Hi,
I'm trying to run the WSJ example scripts for nnet2 and everything runs fine until it gets to steps/nnet2/train_multisplice_accel2.sh.
It gets as far as Training neural net (pass 0) and never gets any further.
Looking at the logs I can see:
WARNING (nnet-train-simple:SelectGpuId():cu-device.cc:137) Will try again to get a GPU after 20 seconds.
Wed Mar 1 15:31:39 2017
+-----------------------------------------------------------------------------+
| NVIDIA-SMI 367.57 Driver Version: 367.57 |
|-------------------------------+----------------------+----------------------+
| GPU Name Persistence-M| Bus-Id Disp.A | Volatile Uncorr. ECC |
| Fan Temp Perf Pwr:Usage/Cap| Memory-Usage | GPU-Util Compute M. |
|===============================+======================+======================|
| 0 GeForce GTX 1080 Off | 0000:02:00.0 On | N/A |
| 27% 39C P8 9W / 180W | 562MiB / 8104MiB | 0% E. Process |
+-------------------------------+----------------------+----------------------+
+-----------------------------------------------------------------------------+
| Processes: GPU Memory |
| GPU PID Type Process name Usage |
|=============================================================================|
| 0 1203 G /usr/lib/xorg/Xorg 311MiB |
| 0 1396 C nnet-train-simple 139MiB |
| 0 4417 G compiz 108MiB |
+-----------------------------------------------------------------------------+
LOG (nnet-train-simple:SelectGpuId():cu-device.cc:146) num-gpus=1. Device 0: all CUDA-capable devices are busy or unavailable.

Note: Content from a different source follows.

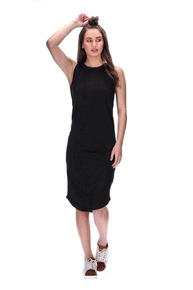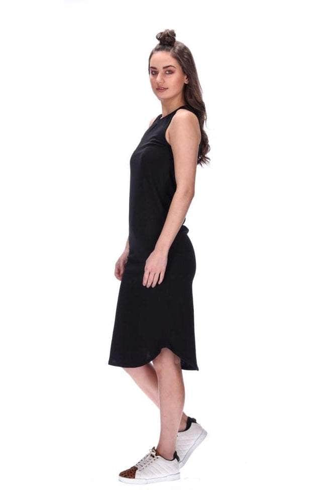 Features: Midi dress with ribbed neckline and a shaped hemline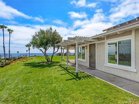 Updated single level residence with stunning panoramic ocean views from inside and out with a huge greenbelt neighboring the property on the side and in the back! This greenbelt adds incredible privacy and delivers a tranquil ambiance. This is a very rare, turnkey opportunity! Excellent location in the front row of the popular Presidential Heights II community allowing you to embrace coastal living at its finest. This is a private, single level end unit with no one above or below. Amazing, sit-down ocean views and sensational sunsets can be enjoyed from the remodeled open floor plan including the living room area, dining, and kitchen. Offering a harmonious blend of contemporary design and coastal charm, this 2 bedroom, 2 bath home boasts vaulted ceilings and is illuminated with natural light. Both functional and beautiful, the remodeled kitchen features ocean views, access to the backyard/patio, and quartzite countertops. Updated flooring throughout the entire home. Highlights of the master bedroom include a walk-in closet and an updated master bathroom. With the added bonus of the greenbelt, the backyard is a serene oasis and the ideal setting for either entertainment or relaxation with gorgeous panoramic ocean views. This is a great end unit location only steps to four community pool/spas, and just minutes to golfing, easy freeway access, shopping, restaurants and the best beaches and surfing!

ERROR (nnet-train-simple:SelectGpuId():cu-device.cc:147) Failed to create CUDA context, no more unused GPUs?
[ Stack-Trace: ]
nnet-train-simple() [0x9b7620]
kaldi::MessageLogger::HandleMessage(kaldi::LogMessageEnvelope const&, char const*)
kaldi::MessageLogger::~MessageLogger()
kaldi::CuDevice::SelectGpuId(std::__cxx11::basic_string<char, std::char_traits<char>, std::allocator<char> >)
main
__libc_start_main
_start
and when I qstat the job I see:
Scheduling info: (-l arch=*64*,gpu=1) cannot run at host "<hostName>" because it offers only hc:gpu=0.000000
Using qconf I can see that gpu and mem_free are both set as per the instructions found here:
http://kaldi-asr.org/doc/queue.htmlI ran the tests in cudamatrix and the all report back as "SUCCESS".
I've tried changing the compute value in
kaldi.mk and recompiling but this did not seem to make any difference.
I also tried running sudo chmod a+rwx /dev/nvidia* but I still see the same problems in the logs.
How can I solve this problem?